Finis, les grands récits universels dogmatiques ? Serait-ce l'ère de la prolifération des récits singuliers, relatifs, multiples, interchangeables, tandis que les collectifs historiques et autres structures sociales seraient "remisés au magasin des curiosités" ? Facebook, ce réseau social à la e-page, pourrait-il remplacer France ADOT (lire) ?

Arrêtons-nous un instant sur cette "multiplicité des récits singuliers" : blogs, réseaux sociaux, autofictions, mise en scène de soi (de multiples soi), construction de communautés.

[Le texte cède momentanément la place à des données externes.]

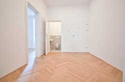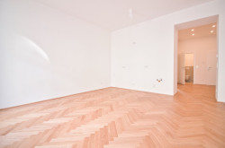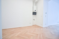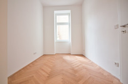 Die westseitige Wohnküche mit knapp 22 m² lässt keine Wünsche offen: Platz für einen Essbereich, für eine gemütliche Couchlandschaft und eine offene Küche ist ausreichend vorhanden. Die Wohnung überzeugt zusätzlich mit wunderschönem Fischgrätparkett, Fußbodenheizung, über 3 Meter hohen Räumen und Kunststoff-Doppelisolierglas-Fenstern.

Que recherchons-nous à l'ère de l'open source ? Ce retour au récit témoigne-t-il d'une véritable "culture du narcissisme", propre à nos sociétés ? D'une tentative de réappropriation par les individus eux-mêmes de leur propre histoire ? D'une nostalgie du grand récit partagée aussi par les scientifiques ?

En mars 2010, le professeur Bernard Devauchelle, pionnier de la greffe de la face (CHU d'Amiens, novembre 2005), annonçait la création de l'Institut Européen Faire Faces, au CHU d'Amiens, prévu pour 2012 - pour une "greffe éthique". Est-ce à dire que la première mondiale espagnole ne le fut pas, éthique ? Jusqu'ici onze greffes du visage auraient eu lieu dans le monde, en France, aux Etats-Unis, en Chine et en Espagne. La première mondiale a eu lieu en France en 2005 (source). C'est justement l'auteur de cette première mondiale de 2005 qui veut créer un label pour la greffe de la face : celui de "la greffe éthique". C'est encore l'auteur de cette première mondiale de 2005 qui lit entre les lignes de la toute récente et contestée "première mondiale" en Espagne. Ce qu'il y lit n'est pas très joli : le patient choisi pour bénéficier de cette greffe n'avait nul besoin d'une greffe "totale", lui greffer les paupières était un risque - inutile - à lui faire courir (voir). Que le patient ne puisse pas fermer les yeux des jours et des nuits durant (combien de temps au juste ?), voilà qui n'empêchera pas les chirurgiens espagnols de dormir sur leurs lauriers : ils ont leur première greffe "totale" de la face ! C'était sans compter sur ce projet de création d'un Institut européen Faire Faces. D'Eurêka ! à Caramba ! Dire que les Espagnols tenaient presque leur Oscar (1) de la meilleure greffe ! L'Odyssée moderne de la greffe de la face, "un récit raconté par un idiot, plein de bruit et de fureur, et qui ne signifie rien" ?
Afin de rencontrer l'acceptation sociétale pour une activité nouvelle dans la médecine de remplacement, mais appelée à se développer - la greffe totale ou partielle de la face - la mise en place de l'Institut Européen Faire Faces au CHU d'Amiens et de son label "greffe éthique" nous semblent indispensables.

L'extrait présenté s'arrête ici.